Additional analyses revealed that NNRTI risk decreased with age. Nearly 62% of children aged younger than 3 months had HIV drug resistance vs. 25.4% of children between 12 and 18 months of age. The researchers said this observation may be due to a reversion of NNRTI to wild type or the discontinuation of postnatal prophylaxis or breast-feeding.
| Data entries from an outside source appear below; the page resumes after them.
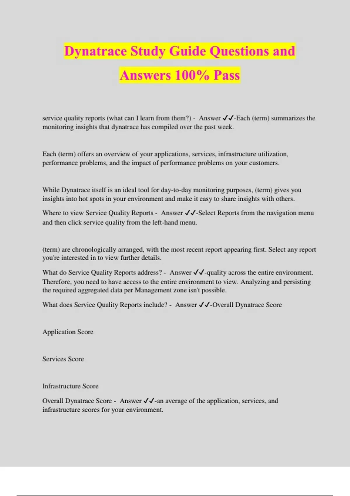 Dynatrace Study Guide Questions and Answers 100% Pass service quality reports (what can I learn from them?) - Answer ️️ -Each (term) summarizes the monitoring insights that dynatrace has compiled over the past week. Each (term) offers an overview of your applications, services, infrastructure utilization, performance problems, and the impact of performance problems on your customers. While Dynatrace itself is an ideal tool for day-to-day monitoring purposes, (term) gives you insights into hot spots in your environment and make it easy to share insights with others. Where to view Service Quality Reports - Answer ️️ -Select Reports from the navigation menu and then click service quality from the left-hand menu. (term) are chronologically arranged, with the most recent report appearing first. Select any report you're interested in to view further details. What do Service Quality Reports address? - Answer ️️ -quality across the entire environment. Therefore, you need to have access to the entire environment to view. Analyzing and persisting the required aggregated data per Management zone isn't possible. What does Service Quality Reports include? - Answer ️️ -Overall Dynatrace Score Application Score Services Score Infrastructure Score Overall Dynatrace Score - Answer ️️ -an average of the application, services, and infrastructure scores for your environment. Application Score - Answer ️️ -based on application Apdex ratings. In brief, the Application score is the average of your application Apdex value and the percentage of user actions that are not affected by problems. Services Score - Answer ️️ -represents the percentage of service calls that were successful and unaffected by problems. Infrastructure Score - Answer ️️ -the percentage of host time during which no problems were encountered. How often are Service Quality Reports generated? - Answer ️️ -each week on Sundays at midnight, so that when you start your work wee
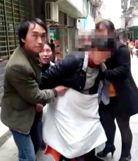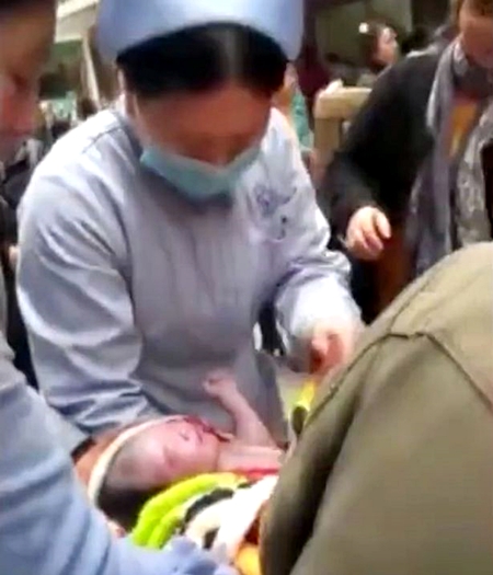 The woman, who gave birth to her baby in full view of the public, was shielded only by a sheet held up by a man who was also helping her stand. Another woman and a nurse helped her bring the baby into the world in the city of Tongren in China.
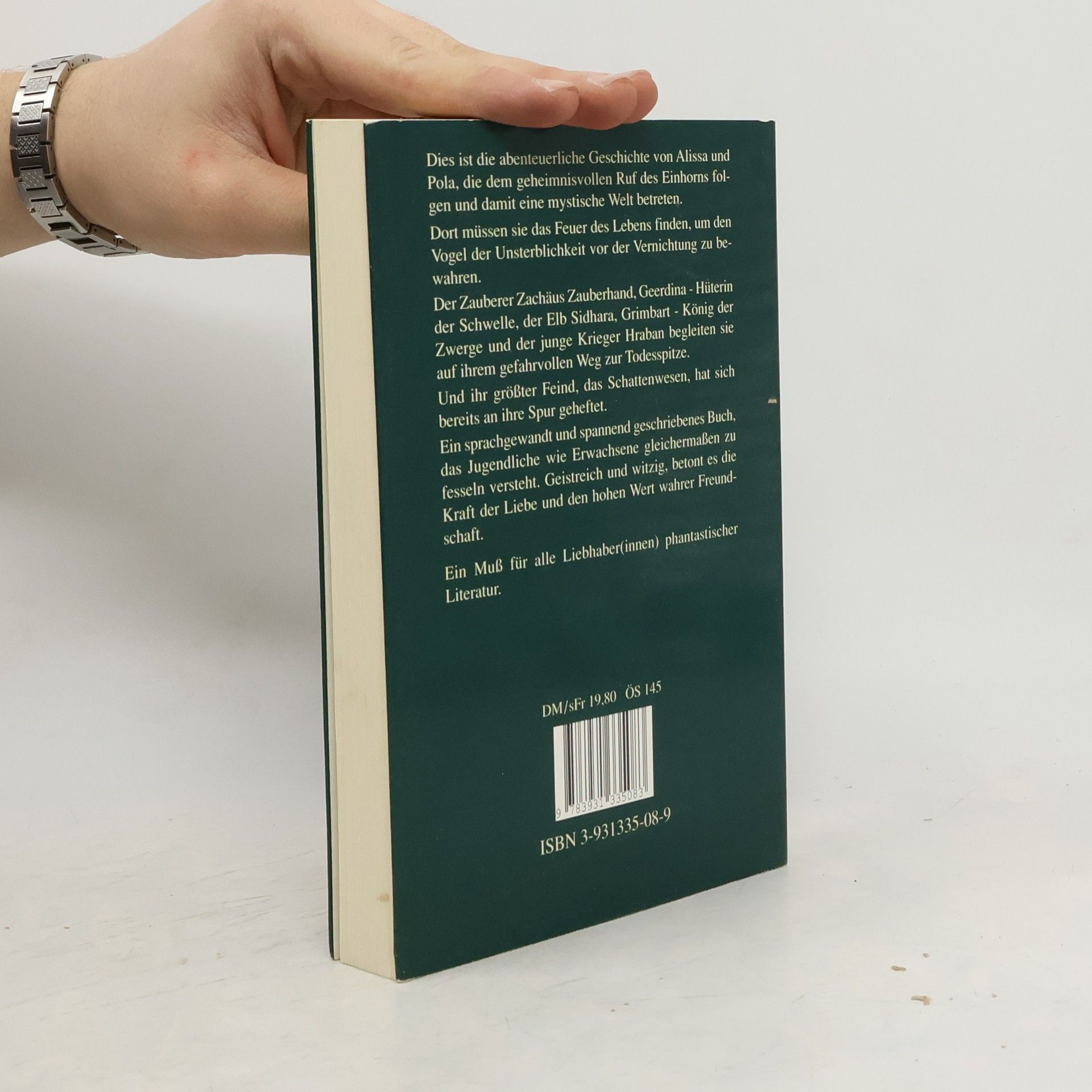 Dies ist die abenteuerliche Geschichte von Alissa und Pola, die dem geheimnisvollen Ruf des Einhorns folgen und damit eine mystische Welt betreten. Dort müssen sie das Feuer des Lebens finden, um den Vogel der Unsterblichkeit vor der Vernichtung zu bewahren. Der Zauberer Zachäus Zauberhand, Geerdina - Hüterin der Schwelle, der Elb Sidhara, Grimbart - König der Zwerge und der junge Krieger Hraban begleiten sie auf ihrem gefahrvollen Weg zur Todesspitze. Und ihr größter Feind, das Schattenwesen, hat sich bereits an ihre Spur geheftet. Ein sprachgewandt und spannend geschriebenes Buch, das Jugendliche wie Erwachsene gleichermaßen zu fesseln versteht. Geistreich und witzig, betont es die Kraft der Liebe und den hohen Wert wahrer Freundschaft. Ein Muß für alle Liebhaber(innen) phantastischer Literatur.
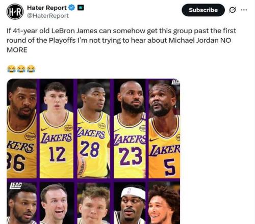 美媒HaterReport為詹姆斯造勢到:“如果41歲的詹姆斯帶領這樣一支湖人闖過季后賽首輪,我就再也不想聽到他和喬丹的任何討論了!”
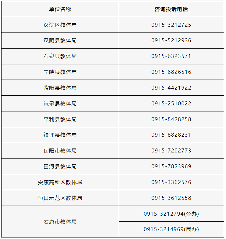 2.2024年安康市義務(wù)教育招生入學(xué)工作咨詢投訴電話
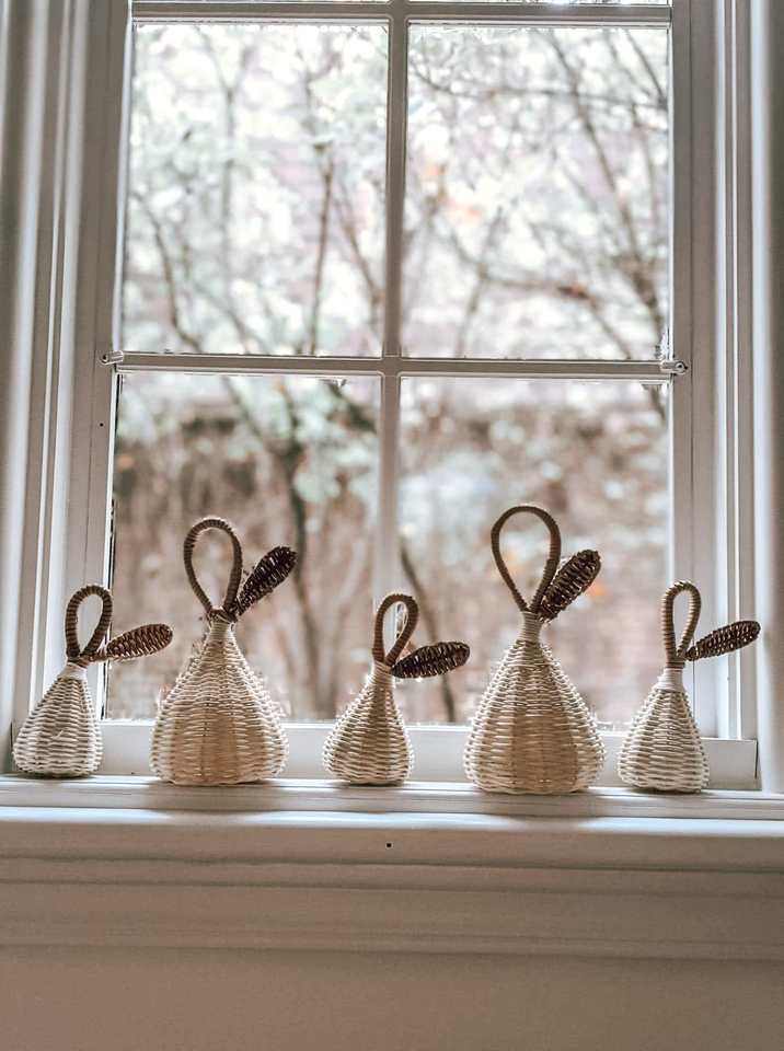 Juego de 2 Sonajeros de Ratán Ecológicos con Forma de Pera y Campana en el Interior, Decoración Nórdica para Habitación Infantil, Cesta de Almacenamiento Multifuncional Hecha en Vietnam

“Despite possible reversion to wild type in circulating virus in plasma, proviral DNA containing mutations conferring resistance to NNRTI that were present in transmitted viruses are likely to be archived in latently infected cells and may be expressed in the future under NNRTI selective pressure, thus impacting long-term management,” they wrote.

Bertagnolio and colleagues concluded that their findings underscore the need to accelerate the approval and introduction of integrase inhibitors for younger populations. Although Isentress (raltegravir, Merck) is already approved for children aged at least 4 weeks, they noted that Tivicay (dolutegravir; DTG, ViiV Healthcare) is approved only for children aged older than 6 years.

“If approved for use in young children, DTG would have the added value of promoting harmonization with adult regimens, further simplifying the public heath approach to first-line ART,” the researchers wrote.

During a teleconference last month, Bertagnolio and other health officials raised concerns about the recent rise in HIV drug resistance. According to a report co-authored by WHO, the CDC and the Global Fund to Fight AIDS, Tuberculosis and Malaria, six of 11 countries that have submitted surveys on pretreatment HIV drug resistance to WHO reported resistance rates of more than 10% to NNRTIs between 2014 and 2016. Bertagnolio said during the teleconference that NNRTI resistance levels of this magnitude in sub-Saharan Africa would lead to 135,000 deaths and 105,000 new infections over the next 5 years. In addition, it would cost an estimated $650 million for more expensive second-line therapies.

“WHO is taking the threat of HIV drug resistance very seriously because drug resistance impacts not only effective therapy at the individual level ... but also has impact at the population level,” she said. – by Stephanie Viguers and Gerard Gallagher

Disclosure: The researchers report no relevant financial disclosures.